You can always take it down when not in use.

Gill


----------



## FISHIN 2 (Jun 22, 2005)

Those are the best gadgets they ever came up with when it's raining cats and dogs. Was setting under my Magnum tree umbrella and it was raining hard, as a fella walked up during gun season, saw me setting there all nice and dry, cup of coffe in hand, says " Man, I'd give a 100 dollar bill for that today " . I have used this on alot of occasions when raining out. I like to find me a tree that has fallen against another one laying on the ground, put the umbrella in the standing tree and set on the downed one, pretty comfy let me say. Deer really don't pay much attention when it's raining so hard they can't hardly see. Works pretty good as a ground blind, open up and set on ground in front of ya too. Got mine for 40.00 off Primos website. Got the regular one, it's 48 inches, and the Magnum is 60 inches, love em both . Mike


----------



## Bluefinn (Jan 26, 2007)

A buddy that doesn't hunt anymore gave me one. Used it 2 years ago to shoot take a buck. I was nice & dry when he came in. The noise the rain makes hitting them really isn't any louder than the rain hitting everything else. It does seem loud when you're sitting under one but I don't think it spooks deer.


----------



## vc1111 (Apr 13, 2004)

They are compact, lightweight, reasonably priced, highly-adjustable, and very efficient. I've used one for years and the do not spook deer or throw an unusual profile that attracts attention from them.

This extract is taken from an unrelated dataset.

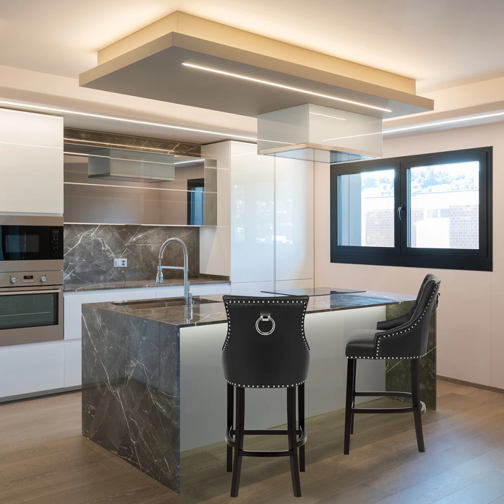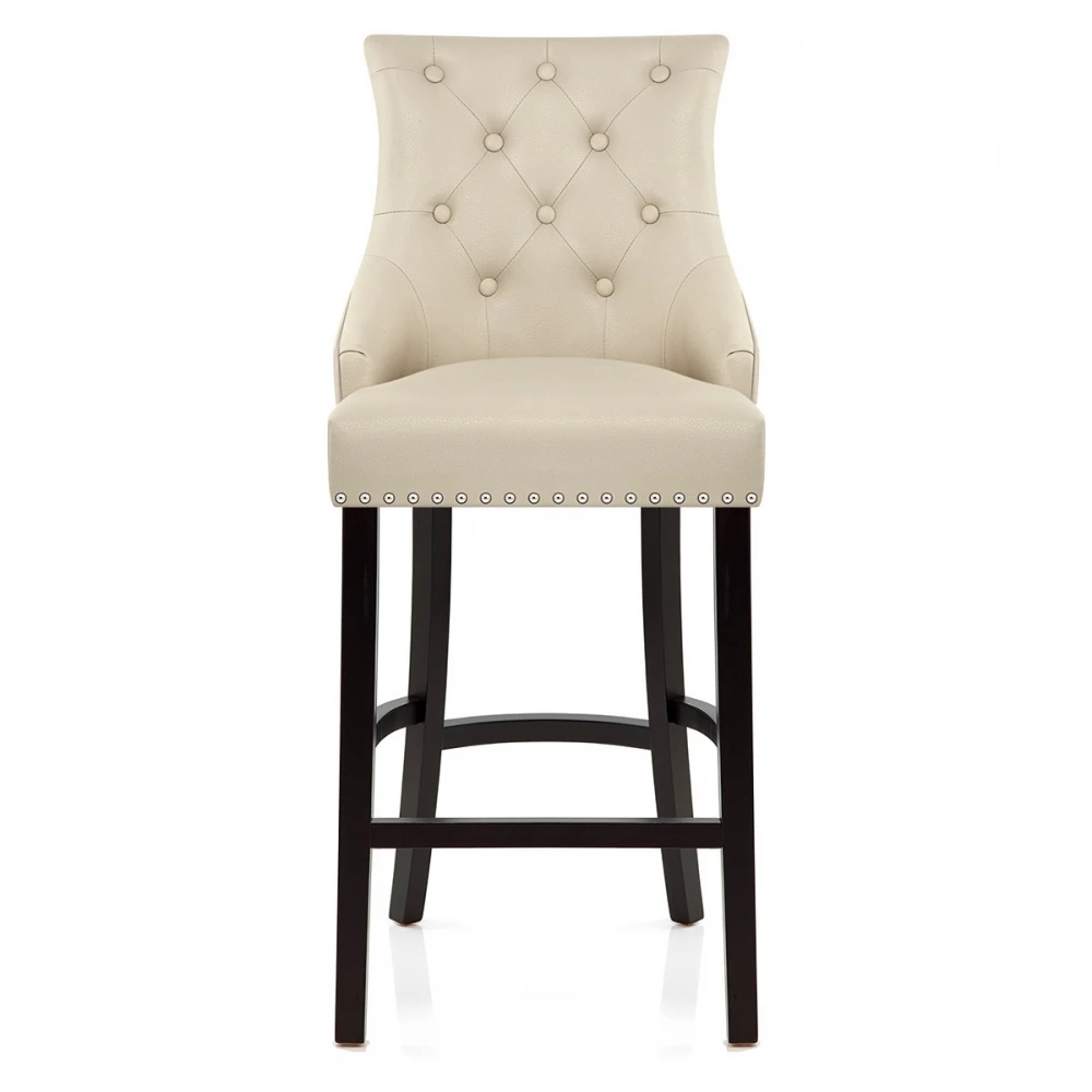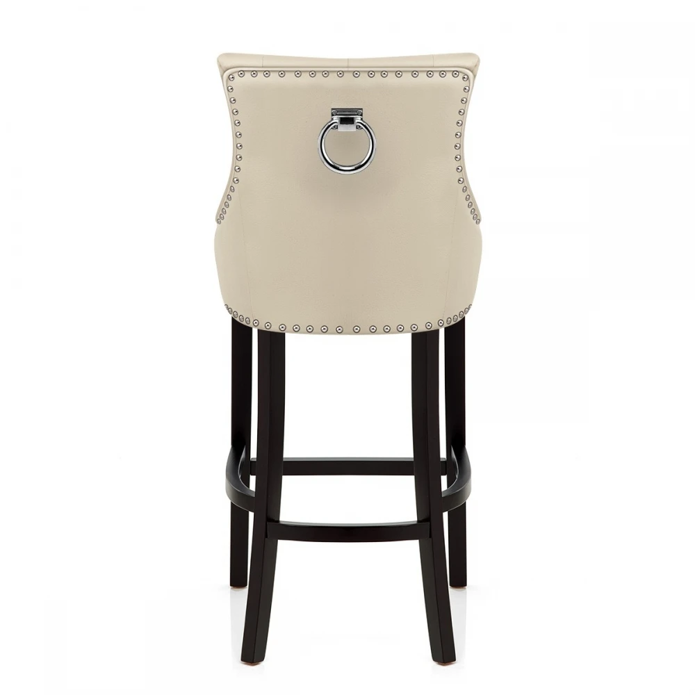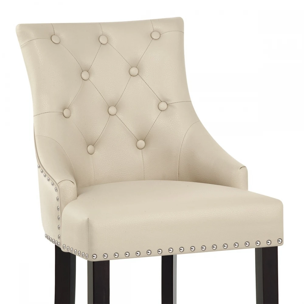 Ein Mix aus klassisch und modern mit einem Hauch von edel. Das Lederfaserstoff verleiht dem Raum den nötigen Luxus. Seine angenehme Sitzform macht aus ihm einen erhöhten Esszimmerstuhl mit gut gepolsterter und hoher Rückenlehne. Sein gesteppter Rücken und sein mit Nieten versehener Rand ziehen mit dem dekorativen Chromgriff an der Rückseite jedes Auge auf sich. Bodenschutzkappen an den dunkel lackierten Holzbeinen schonen Ihren Boden.

In Ohio when it rains hard enough, in most cases you have two choices: use one or get soaked to the bone.


----------



## Bulldawg (Dec 3, 2007)

Best 20 bucks I ever spent for deer hunting ! My umbrella has kept me in the woods in sh**ty weather numerous times.


----------



## bulafisherman (Apr 11, 2004)

I carry one with me and have never had one spook because of it. have shot two deer sitting underneath one,they can turn an otherwise miserable day into a dry comfortable one!


----------



## Bulldawg (Dec 3, 2007)

Got in my stand lastnight just before the rain hit , got situated and then put my umbrella up. Saved my butt from getting soaked tonight in a pretty steady rain. Deer were moving good , and actually had one come in less than 10 yds away. Deer never spooked from umbrella.


----------



## Whaler (Nov 16, 2004)

Several years ago I was in my stand and it started raining. I stood up and put the umbrella on the tree and when I turned around there were three does standing there watchng me. Of course they took off as soon as I reached for my bow. I was dry though !


----------



## Fish-N-Fool (Apr 12, 2004)

Don't listen to the guys telling you it will be too loud, etc. or that deer will notice. I've used one of these things since the mid 90's and have killed a few deer with a bow while perched under it. Matter of fact it was 1996 as I received it as a gift from a life long friend heading off in the service. As another poster said - it just blends right in with the rain hitting everything else. As evidence, I shot a mature buck in November in hard rain at 15 yards. It was loud enough I couldn't hear a thing (this is the largest drawback, but I rarely depend on hearing in wet conditions for deer), but it didn't bother the big 9 pointer at all. He went 25 yards with a heart shot aand fell in sight with no tracking job.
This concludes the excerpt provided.